Josh Getzler
This week, I was lucky to have one of my newest clients, Nikki Trionfo, visit our Chelsea offices. Nikki has written a terrific, searing young adult novel about a girl in California who’s trying to investigate her sister’s death. The girl, Salem, is the daughter of a peach grower in California, and the novel, called Shatter, brings into play the conflicts among white middle-class growers, Hispanic migrant workers, unions, and gangs.

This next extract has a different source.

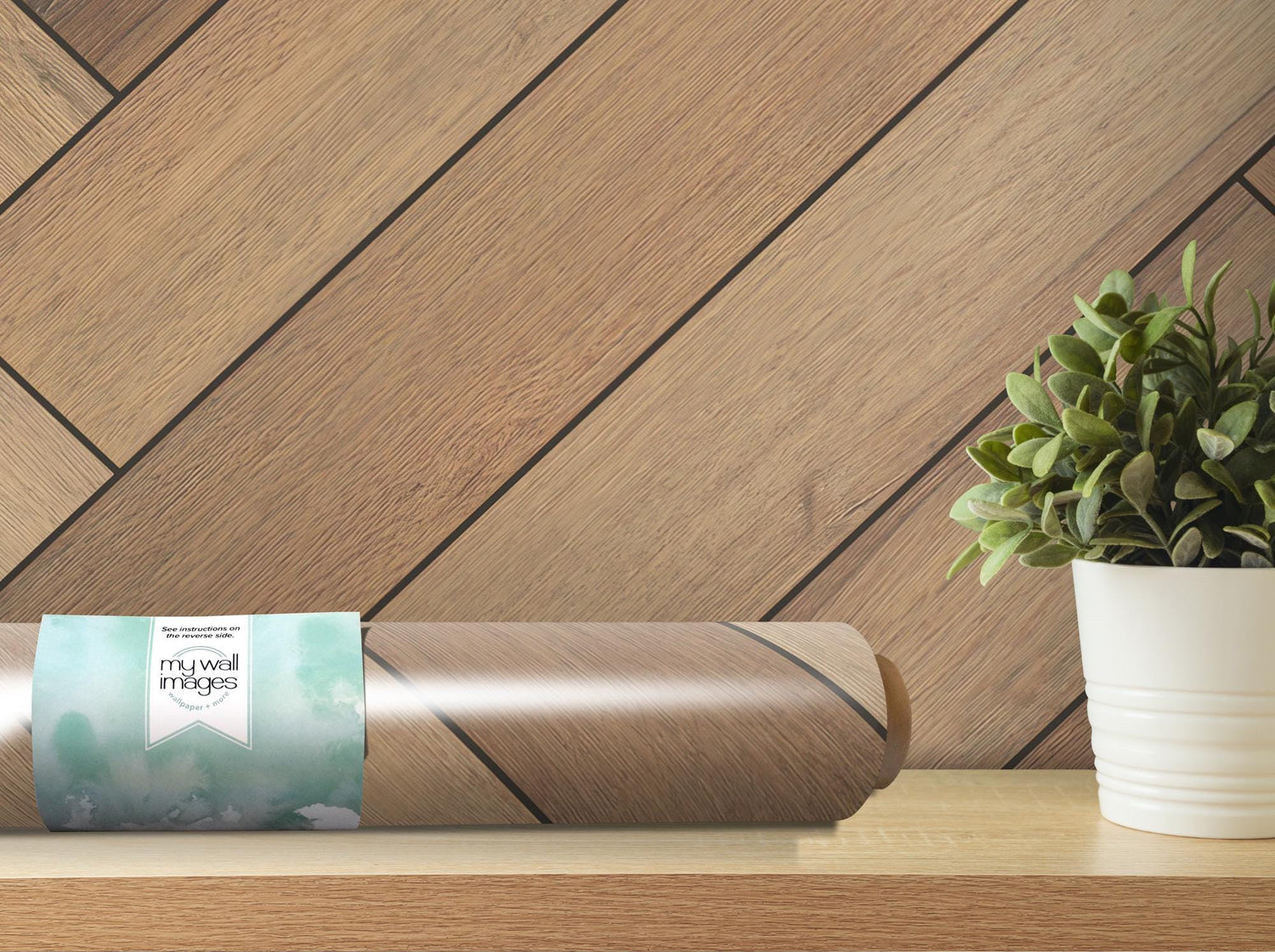 Large Wide Faux Wood Herringbone Wallpaper MW1683lg

One of the things I enjoyed about Shatter is the way Nikki brings in characters of different races and socio-economic statuses and shows their interaction in a natural, unforced way. When I took her on, I told Nikki that one of the more sought after elements in fiction these days, both in children’s books and books for adults, is Diversity. My colleagues on both the buy and sell side of publishing are actively looking for books that address cultural, racial, and sexual diversity, and I felt that when she finishes her revisions and we go out on submission, we will have a very enthusiastic response from editors.

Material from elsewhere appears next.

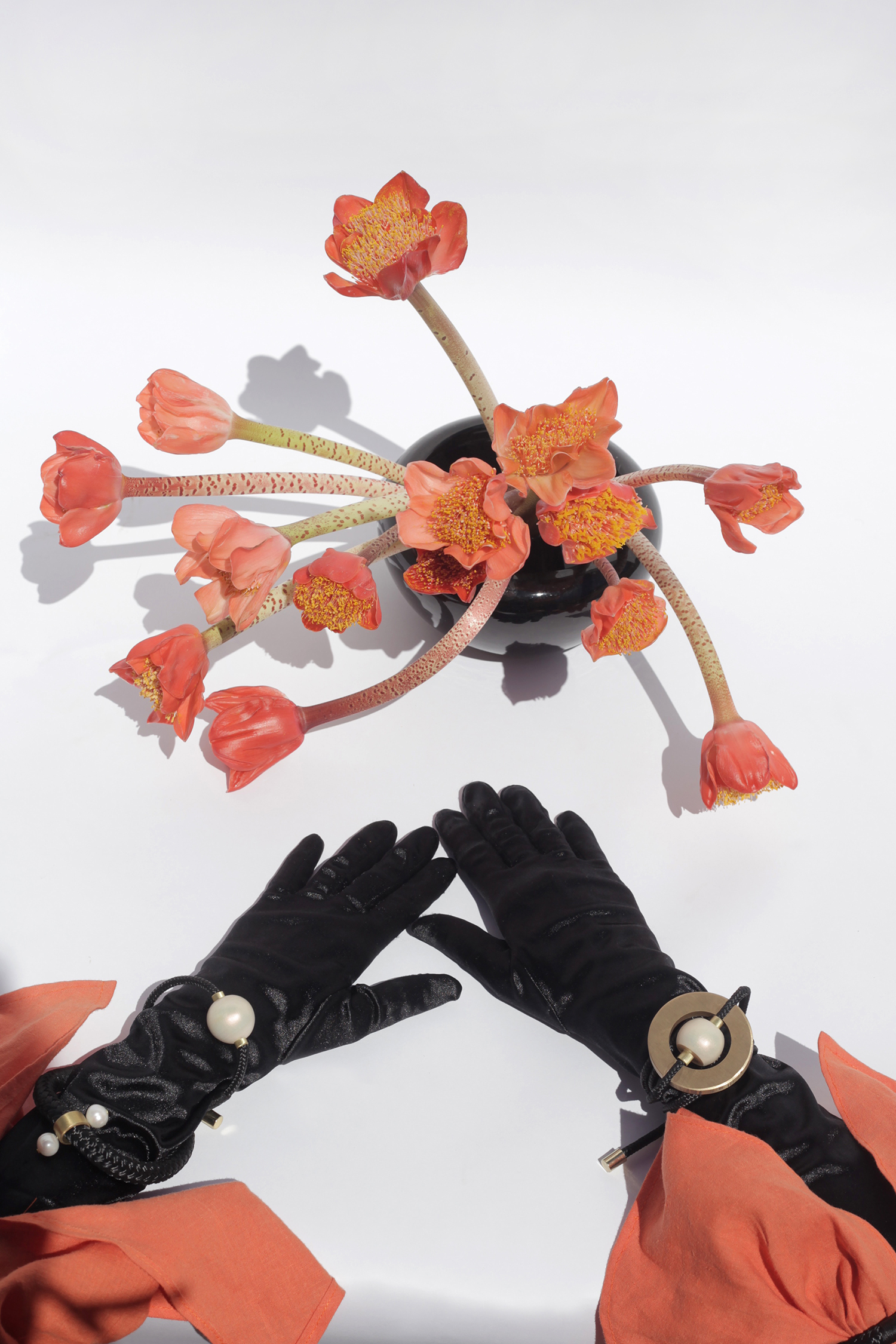 Looking at classic and non-traditional Ikebana arrangements, and referencing beautiful portraits of Ama pearl divers, the lookbook has a slightly cinematic feel, marrying ’80s opulence with Japanese minimalism. “[We wanted] you to feel as if you had gone on a journey or process of some kind,” Katherine-Mary explained. Contrasting elements were compiled together, with satin gloves and Ikebana arrangements alongside over the top embellishments. Shots by the ocean connect back to the influence of the ocean and create a dreamy, sci-fi feel.

This afternoon I was looking on Nikki’s website, http://www.nikkitrionfo.com/, and I saw her latest blog post. It was fascinating. In it, Nikki brings up this conversation, and how it took her aback. She hadn’t thought she was writing a book with a Diversity theme in it at all. Rather, she was writing from her own experience growing up in the orchards of California, where different cultures mixed all the time—it felt so natural because it was.

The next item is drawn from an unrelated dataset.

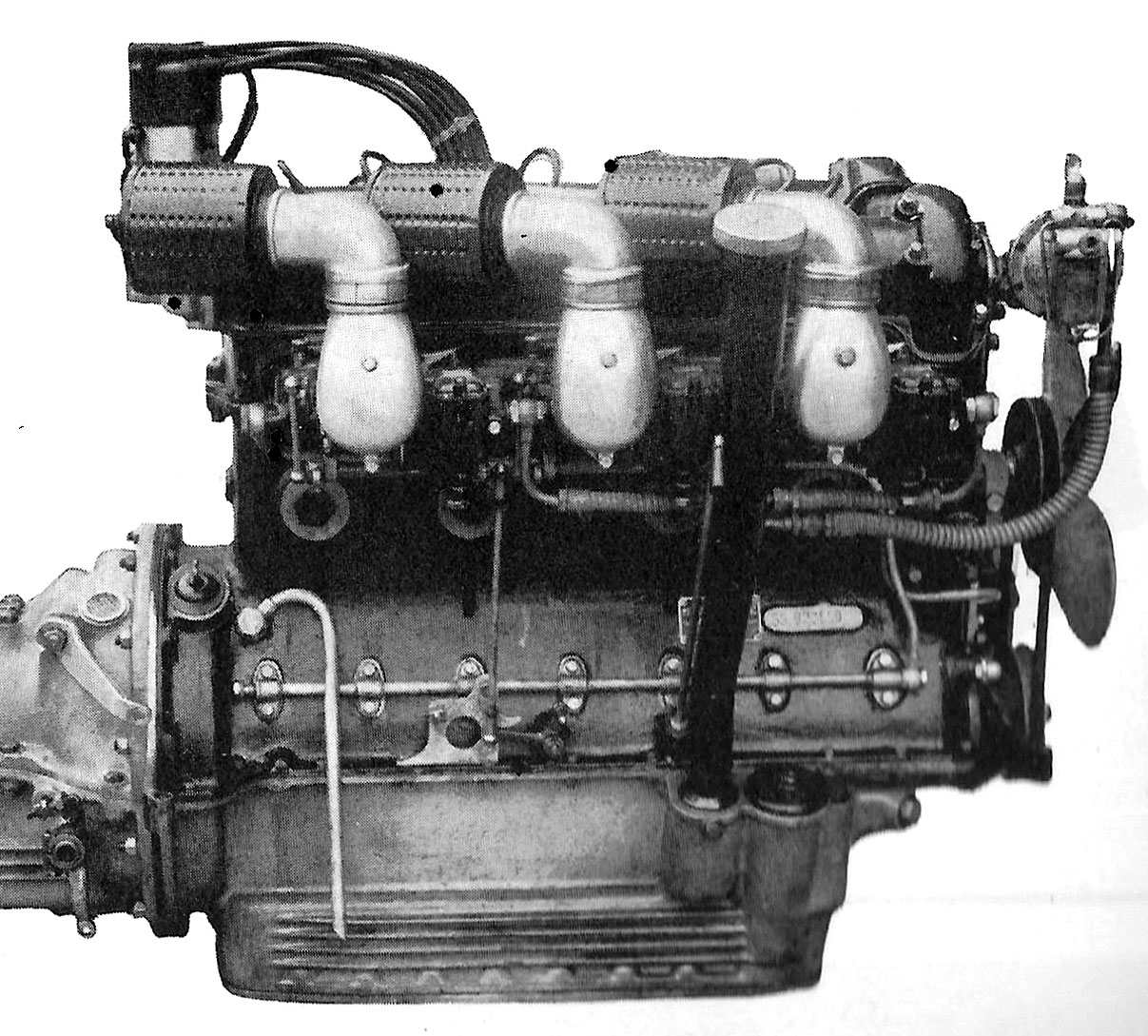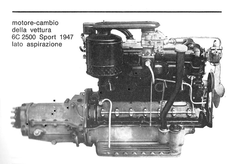 Intake side of a 6C 2500 with a single carb manifold. Note the position of the breather tube and oil filter. (Fusi)

Often, we spend our time in our own bubble of similar-looking and –behaving communities. And often writers, working off their own experiences, create homogenous casts. And part of the need for diversity in literature is to give future readers and writers role models to look to—so sometimes we strain ourselves looking for diversity. (And that’s not a bad thing, and has great cultural relevance and worth.) Which is why I’m so excited when I get a book like Nikki’s where the diversity is so second nature as to be that much more powerful. I can’t wait to see where it lands.
Me, neither. :)
So great to meet you, Danielle, and Rachael!